Деревья нищие бросает в дрожь
Былая роскошь, вянущее злато.
Они сквозь ветви смотрят виновато
На бледный сон, как на последний грош.
Кроваво-красный свет ночных сигналов,
И варварских охотничьих кинжалов,
И женской жажды – ты огнем гори.
Будь нежен к небу даже в тучах мглистых,
Октябрь; и в окропленных кровью листьях
Ты страсти запоздалость усмири.
Ноябрь
Ты предпоследний, как Вениамин,
Ты, как Иосиф, искренен и в малом,
Но над могильным роковым провалом
По воле братьев ты стоишь один.
Не все мы доживаем до седин.
Но, достопамятным гордясь началом,
Козлами отпущенья в свете алом
Средь предпоследних разбрелись равнин.
Все, что не умерло, живет упрямо,
Двусмысленностью наполняя драму,
В которой злые силы – напоказ.
Сомненье тронет руку Авраама,
Но только нож его избегнет срама
И Бога сохранит в последний раз.
Декабрь
Закутан в мантию, уходит год,
Он стар и хром, его семейство плачет,
Под капюшоном он морщины прячет,
С волос, как с неба, снег густой идет.
Он говорит: «Всем жертвам счет ведет
Природа и над жертвами судачит,
И я не ведаю, что это значит,
И мой вопрос в ответ вопроса ждет».
Так спрашивай в отчаянии вечном,
Старик, несущий год в мешке заплечном —
Двенадцать разных радостей и бед.
Штрих времени в творенье быстротечном
На стеклах инеем оставишь млечным,
Но канет твой рисунок в Лету лет.
Эпилог
Забудь тот год, в котором грусть теснится,
Забудь тот год, где страхом правит власть,
Забудь героев, пожелавших пасть,
Забудь постель больного, где не спится.
Нет ничего, чему нельзя забыться,
От целого видна нам только часть;
И чем бездумней оказалась страсть,
Тем легче закрываются страницы.
Но кажется другим, что этот год
Уходит, принося тоску невзгод,
Отчаянья тупое очищенье.
Хранящий верность прошлому найдет
К сокровищам забвенья тайный вход
И призрачность счастливого мгновенья.
Геррит Каувенар(р. 1923 г.)
Эльба
На мне кровавая куртка,
и я стою на Эльбе,
Наполеон меж Наполеонов,
и я стою на Эльбе,
имен у меня немало,
и я стою на Эльбе.
О, генералы живые, узрите мой клюв
на Эльбе.
Со мной прогуляйтесь по паркам бессонниц, сомнений и ссылки,
когда я брожу ночами, как пес бездомный, блохастый.
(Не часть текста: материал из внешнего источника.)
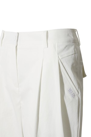 - 투턱을 적용한 테이퍼드 핏 라인의 팬츠.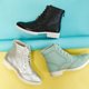 以中筒靴与春夏色系的趣味冲突设计为主轴格外讨喜!经典雕花系带鞋面,融入白底时尚元素;纯白混搭色彩的玩色,鲜明视觉感十分俐落却不失亮点。恣意玩转比例穿搭,突显个人风格,让妳踩着时尚步伐轻松展现女孩自信风采。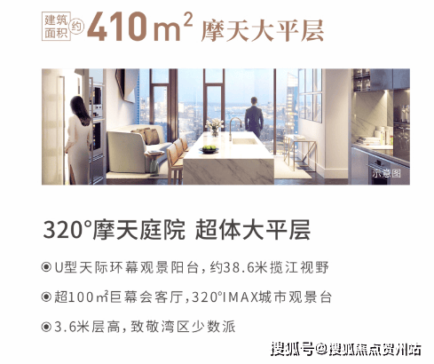 远超现有标准极限的约38.6米U型大阳台,320°摩天庭院、全屋落地窗、约3.6米舒适层高、约120㎡巨幕会客厅等极致的尊崇,刷新城市封面格局。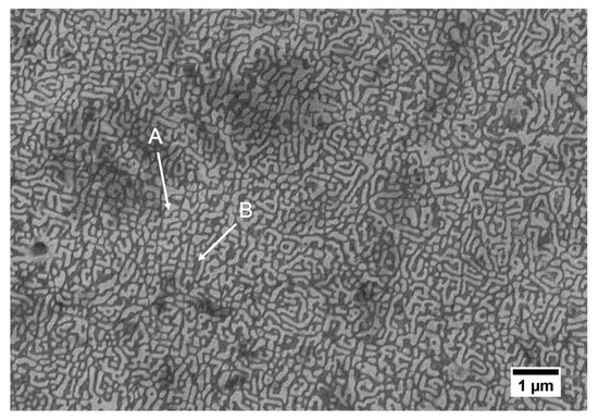 A high-magnification secondary electron image of the AlCoCrFeNi HEA deposit is shown in Figure 7, where a two-phase dendritic microstructure was observed. The area fraction of the dendritic microstructure was ~52%, while the interdendritic area fraction was ~48%. The interdendritic region is named A, and the dendritic region is named B. The mean elemental compositions of A and B (average from three arbitrary points) were analyzed by EDS, and the results are listed in Table 4. It is shown that the atomic percentages of Al and Ni were ~29% in A and ~41% in B. The percentages of Fe and Cr were ~54 atom % in A and 43 atom % in B. These results indicate that Fe and Cr were rich in A, while Al and Ni were rich in B. The composition of Co did not show evident differences between A and B. The mixing enthalpies between Fe–Cr, Fe–Ni, Fe–Co, Fe–Al, Cr–Ni, Cr–Co, Cr–Al, Ni–Co, Ni–Al and Co–Al were −1, −2, −1, −11, −7, −4, −10, 0, −22 and −19 kJ/mol, respectively [6,25]. The mixing enthalpy of Al and Ni was higher than other pairs, which indicated that Al and Ni tended to form atomic pairs and segregate. Similar results have been reported for the AlCoCrFeNi HEA, with this microstructure being attributed to the spinodal decomposition [2,4,5,6,9].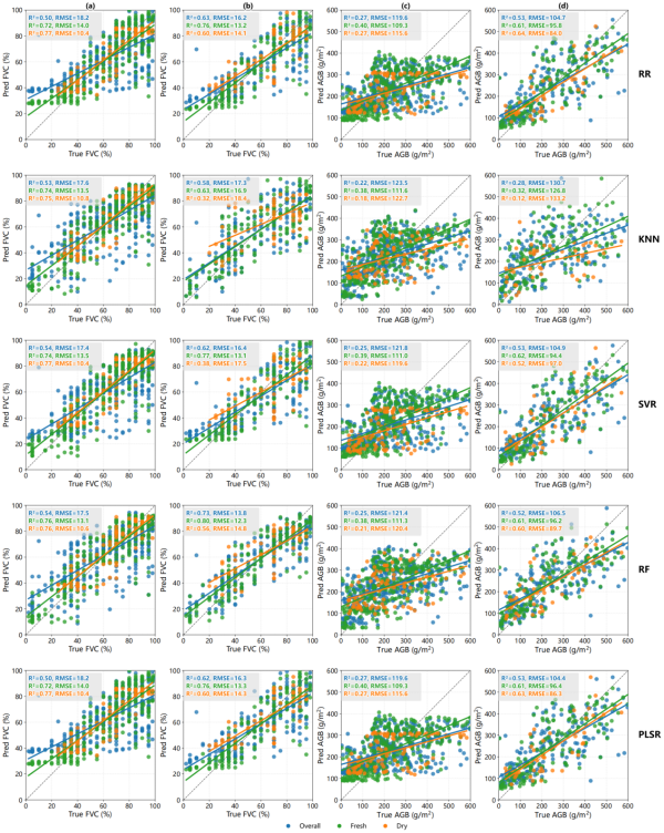 建模過程中,研究采用了五種主流回歸算法(嶺回歸、k近鄰、支持向量回歸、隨機森林和偏最小二乘回歸),并分別在兩組輸入變量上開展訓練。結果表明,對鮮草和干草分別建模,平均可提升模型決定系數(R2)0.23,最大降低均方根誤差(RMSE)達41%。其中,融入植被高度信息對提升AGB估算精度尤為關鍵,最優模型R2可達0.62(圖3)。該研究所提出的技術框架僅依賴輕量化RGB影像和低成本計算資源,具備實地實時應用的巨大潛力,為多尺度草地遙感監測與生態評估提供了新的可靠工具。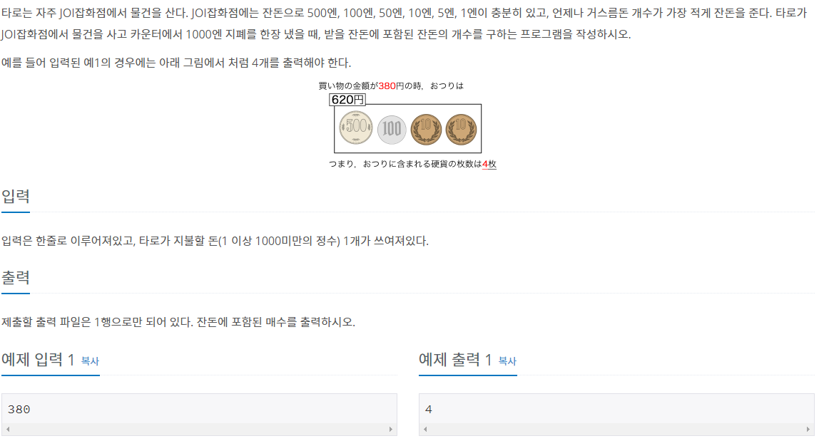 그리고 500엔부터 차례대로 거스름돈 보다 가치가 적거나 같은 경우 그 가치에 맞는 동전 개수를 구한 후 최종 값에 더해주고, 거스름돈에서 구한 만큼의 가치를 빼주면 된다.

Мундир мой – черные скалы,
глаза мои – ваши радары:
за душу атомной бомбы вам, господа, спасибо!
Но страх проживает в Париже,
в нем память моих парадов.
Химерам на Нотр-Даме,
Эйфелевым ажурам – признаюсь:
в безвременье моря я – символ вашего страха, его филиал
на Эльбе.
Ты думаешь, что я умер?
Стою я в кровавой куртке,
и тело мое большое
вмещает в себя, жирея, Бисмарка, Гитлера, Ницше,
Чаплин – шут,
но украл он
славы моей эполеты
для ярмарочного балагана,
историю битв – для черни!
Подайте протест, генералы!
Труп мой стоит на Эльбе.
Отведайте, генералы, гимн моего гниенья,
плотью меня облеките.
Я жду вас в склепе музея, где виселицы и Шпенглер,
плотью меня облеките, зову я, но не надейтесь.
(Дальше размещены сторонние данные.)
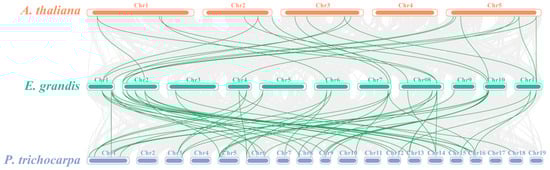 Synteny analyses of NF-Y genes between E. grandis and two module plants (Arabidopsis thaliana and Populus trichocarpa). The green lines indicate the homologous pair of the NF-Y gene and their corresponding location on each chromosome. The gray lines in the background represent the syntenic pairs of the whole genome. To distinguish between different types of plants, the chromosome bars and the names of each plant species are represented in a different color (Arabidopsis is orange, E. grandis is green, and P. trichocarpa is blue).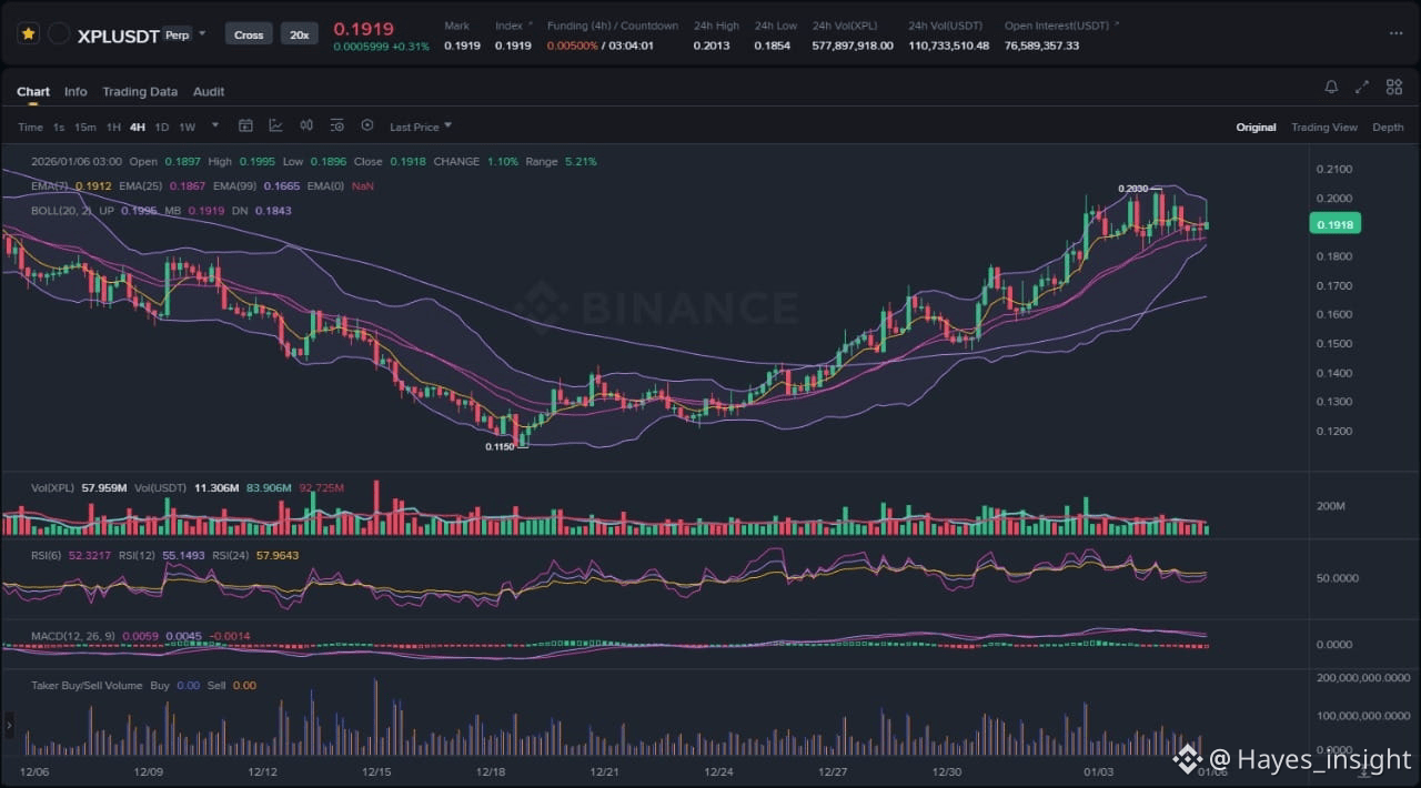 XPL's price action reflects an uptrend structure attempting a breakout from a multi-week range, with the 7-period EMA sloping upward and crossing above the flattened 25-period EMA, while the 99-period EMA provides dynamic support near recent lows. Candles are trading within the upper half of expanding Bollinger Bands, signaling volatility expansion after a period of consolidation. Observable elements include an impulsive five-wave advance from the range bottom around 0.13, followed by a flag-like consolidation rejecting lower shadows at 0.16, and a local swing high retest at 0.18 before mean reversion pulled it back to 0.17. This positions XPL in a bullish channel, with price respecting the EMA stack as liquidity pockets build below.

Рабы-солдаты не верят теперь в краали-казармы,
Я зовусь среди прочих Наполеоном с Эльбы,
а Святая Елена – будет.
И так далее
Меж тем постоянно приходит любовница
и опять ищет отдыха от суеты, тараторит и просит
то поесть, то попить и выгадывает
неподотчетную пятиминутную паузу —
опять, как пядь в лихорадке часов, словно все еще
в благоухающем рту
остается среди золотого запаса коронок,
как в музее, бесценная правда зубов.
А теперь уходи; видишь – дети повсюду играют,
там, где люди бездумно прошли сквозь людей,
сквозь глаза разноцветные, сквозь
красоту, что стихов не дождется,
когда снова кричат новорожденно-голые мысли
в необъятной постели, как утро вчерашнего дня.
1. по дороге бегут;
2. смотрят фильм, где бегут по дороге;
3. вспоминают, что видели фильм,
где бегут, и так далее – вечно, по кругу.
Встреча
Иногда люди стареют настолько,
что от них остается лишь собственность.
Они еще ездят в купленных когда-то машинах,
дремлют в дедовском кресле и трижды садятся за стол,
ищут прошлое в семейном альбоме,
гладят личную кошку, кормят птицу, сидящую в клетке…
Они еще покупают собственный, привычный табак
и дарят слепым жемчужины собственных мыслей
о кабинете министров и вечно грозящей войне.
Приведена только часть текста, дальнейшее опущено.